DIRECTIONS FOR THIS TASK:
Transcribe the listing that follows in full, exactly, and drop its images.

• • •

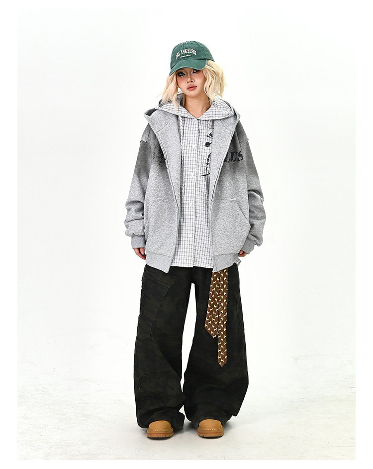 【トップス】アメリカンレトロ デザイン フードパーカー 春 男女兼用 ゆったり カジュアル 着回し アウター【FCシリーズ】
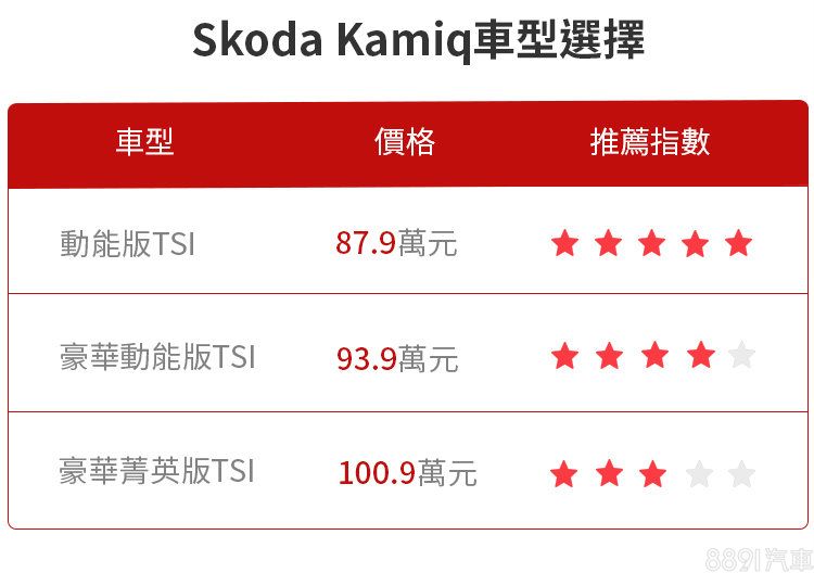 最初引進時,Kamiq車系編成規劃其實與Scala相同,採1.0、1.5 TSI兩種動力,並區分動能版、豪華動能版、菁英版及豪華菁英版共4車型,售價落在87.9~100.9萬元。不過原廠在日前表示,原定售價95.9萬元的菁英版於8/1起停售,因此車系編成縮減為3車型,售價不變。
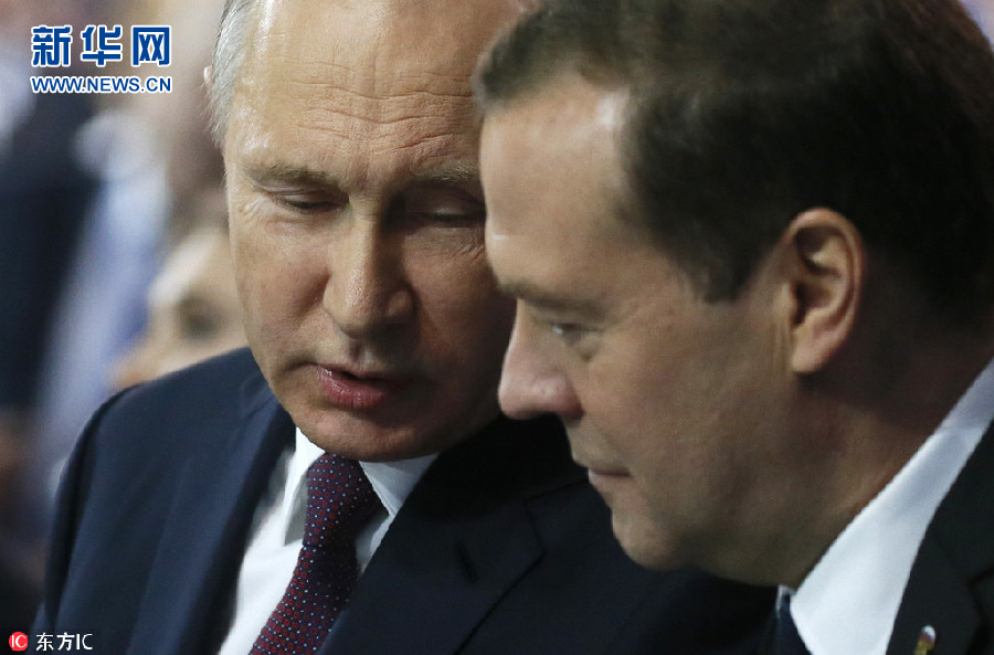 12月23日,俄罗斯莫斯科,俄罗斯执政党“统一俄罗斯党”年度会议举行,俄罗斯总统普京和总理梅德韦杰夫出席会议。据悉,梅德韦杰夫表示,俄罗斯执政党将全力支持普京,希望普京在2018年3月的总统选举中大获全胜。(图片来源:东方IC)
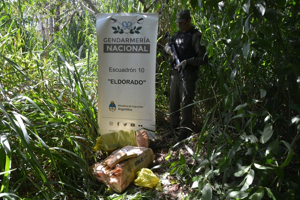 Durante la tarde del sábado, efectivos de la Sección “Esperanza” de Gendarmería Nacional, dependiente del Escuadrón 10 “Eldorado”, encontró dos bultos con droga que estaban escondidos entre la maleza.
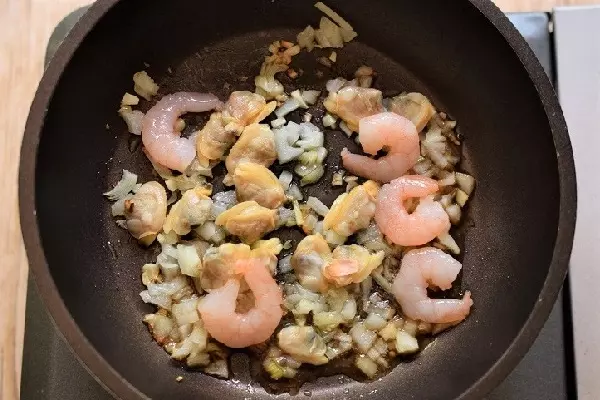 2、むきエビとアサリを入れて、白ワインをふり、蓋をして表面の色が変わるまで蒸す。

• • •

SOLUTION TO THIS TASK:
 【トップス】アメリカンレトロ デザイン フードパーカー 春 男女兼用 ゆったり カジュアル 着回し アウター【FCシリーズ】
 最初引進時,Kamiq車系編成規劃其實與Scala相同,採1.0、1.5 TSI兩種動力,並區分動能版、豪華動能版、菁英版及豪華菁英版共4車型,售價落在87.9~100.9萬元。不過原廠在日前表示,原定售價95.9萬元的菁英版於8/1起停售,因此車系編成縮減為3車型,售價不變。
 12月23日,俄罗斯莫斯科,俄罗斯执政党“统一俄罗斯党”年度会议举行,俄罗斯总统普京和总理梅德韦杰夫出席会议。据悉,梅德韦杰夫表示,俄罗斯执政党将全力支持普京,希望普京在2018年3月的总统选举中大获全胜。(图片来源:东方IC)
 Durante la tarde del sábado, efectivos de la Sección “Esperanza” de Gendarmería Nacional, dependiente del Escuadrón 10 “Eldorado”, encontró dos bultos con droga que estaban escondidos entre la maleza.
 2、むきエビとアサリを入れて、白ワインをふり、蓋をして表面の色が変わるまで蒸す。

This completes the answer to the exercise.